= Rushmore Air Force Station =

Rushmore Air Force Station, South Dakota, was a secure weapons administration, storage, and handling facility for atomic, and later thermonuclear weapons, located adjacent to Ellsworth Air Force Base on its north side, that was operational from 1950 to 1962. It was operated by Air Materiel Command, Armed Forces Special Weapons Project, and the Atomic Energy Commission (AEC). Sandia National Laboratories (SNL) was under contract to provide oversight and technical responsibility of the weapons housed at the AFS.

==History==

The Sandia National Laboratories had overseen the construction by 1950 of four "Q Area" secure special weapons areas (so named for the clearance code on the access badges) which were the storage and main stockpiles for the 298 nuclear bombs in inventory by mid-1950. Sandia Base initiated construction of the Operational Storage Site (OSS), the physically smaller alert facilities of key strategic importance, in 1950. The first five of these installations were set up by Sandia immediately neighboring selected SAC bases. Site F was located at Ellsworth AFB, near Rapid City, South Dakota and named Rushmore Air Force Station. "Sandia transferred operation of the five alert sites bordering the SAC bases to Air Materiel Command after a shakedown period during which Sandia personnel worked at the sites with the Air Force and AEC. Air Materiel Command designated the sites depots, with associated Air Force personnel organied as aviation depot groups, and subsequently, Aviation Depot Squadrons." The 3081st Aviation Depot Group was assigned.
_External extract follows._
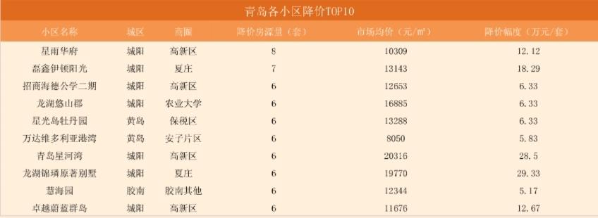 青岛各小区涨降价TOP10名单公布,星雨华府降价房源量居首
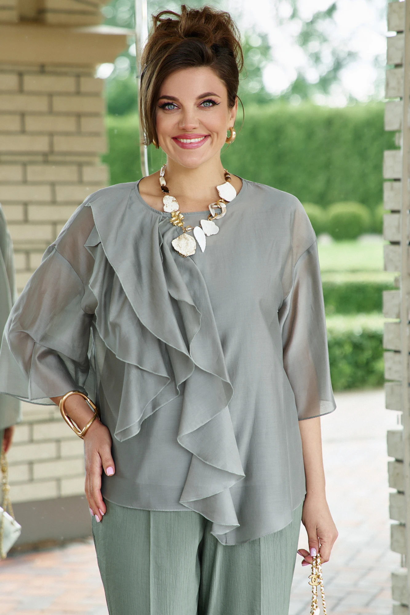 Комплект женский, состоящий из верхней блузы, нижней блузы и брюк. Вуалирующая прозрачность блузы, скрывает несовершенства фигуры, и создает идеальный силуэт, а брюки из ткани с «жатой» фактурой стройнят и вытягивают силуэт. Верхняя блуза свободного силуэта с округлой формой горловины. Линия плеча спущенная. Рукав втачной, длинной ¾ с декоративным защипом. Спинка без особенностей. Низ в блузе ассиметричный с разрезами в боковых швах. Главным акцентом блузы являются отделочные вставки в подрезе в виде рюш. Нижняя блуза свободного силуэта, с округлой формой горловины, нагрудными вытачками по переду блузы. Спинка без особенностей. В боковых швах разрезы. Брюки прямого силуэта со стрелками по переду. Пояс в брюках притачной с эластичной тесьмой-резинкой, которая обеспечивает максимально удобную посадку на любой тип фигуры.Длина блузы по центру спинки 76,5 см (р 50-54), 77 см (р 56-60), длина рукава по короткой/длинной стороне 37/45 см. Длина брюк по боковому шву от шва притачивания пояса 98 см.

"The facilities comprising the Rushmore AFS were primarily associated with the maintenance and storage of atomic and thermonuclear weapons. Storage and maintenance activities were compartmentalized to specialized facilities for each stage of maintenance for security, safety, and quality assurance. Other facilities on Rushmore AFS were to support the administrative and security requirements for the secure facility including office space, unaccompanied housing, crew readiness and dining facilities, and communications. SNL and Department of Defense (DoD) personnel performed the maintenance and storage functions required by the weapons, including transporting the weapons to the flightline and loading them into the nuclear-capable bombers assigned to
Ellsworth AFB. On 1July 1962, Rushmore AFS was absorbed Ellsworth AFB. By 1992, Ellsworth AFB was included in the newly created Air Combat Command (ACC) and the assigned B-1B bombers were adapted to a conventional mission."

==Current day==

By 2009, the 28th Bomb Wing, the Ellsworth AFB host unit, began steps for the removal of eight empty or underutilized structures or those not considered mission-critical. "The unique construction and infrastructure included in the buildings would make it difficult to rehabilitate or renovate these buildings to another purpose. In addition, the Air Force has set a demolition goal in response to budget shortfalls to reduce the service-wide facility footprint by 20 percent between Fiscal Year (FY) 2008 and FY 2020. The demolition of these buildings would contribute to the overall Air Force demolition goal."

Proposed for removal are Bldg. 88030, Warehouse, Supply and Equipment Depot, built 1952; Bldg. 88036, Paint Shop, built 1961; Bldg.
88315, Inert Spares Storage/Base Spares Warehouse #1, built 1952; Bldg. 88316, Administration Office/Base Spares Office, built 1952; Bldg. 88319, Supply and Equipment Shed/Base Spares Warehouse #2, built 1952; Bldg. 88320, Crew Readiness/Handling Crew Building, stated as built in 1952, but does not appear on aerial photographs until 1954; Bldg. 88323, Inert Spares Warehouse #3/Heated Auto Storage, built 1956; and Bldg. 88327, Communications, stated as built in 1952, but does not appear on aerial photographs until 1954.

Both historical and environmental surveys have been made for this project.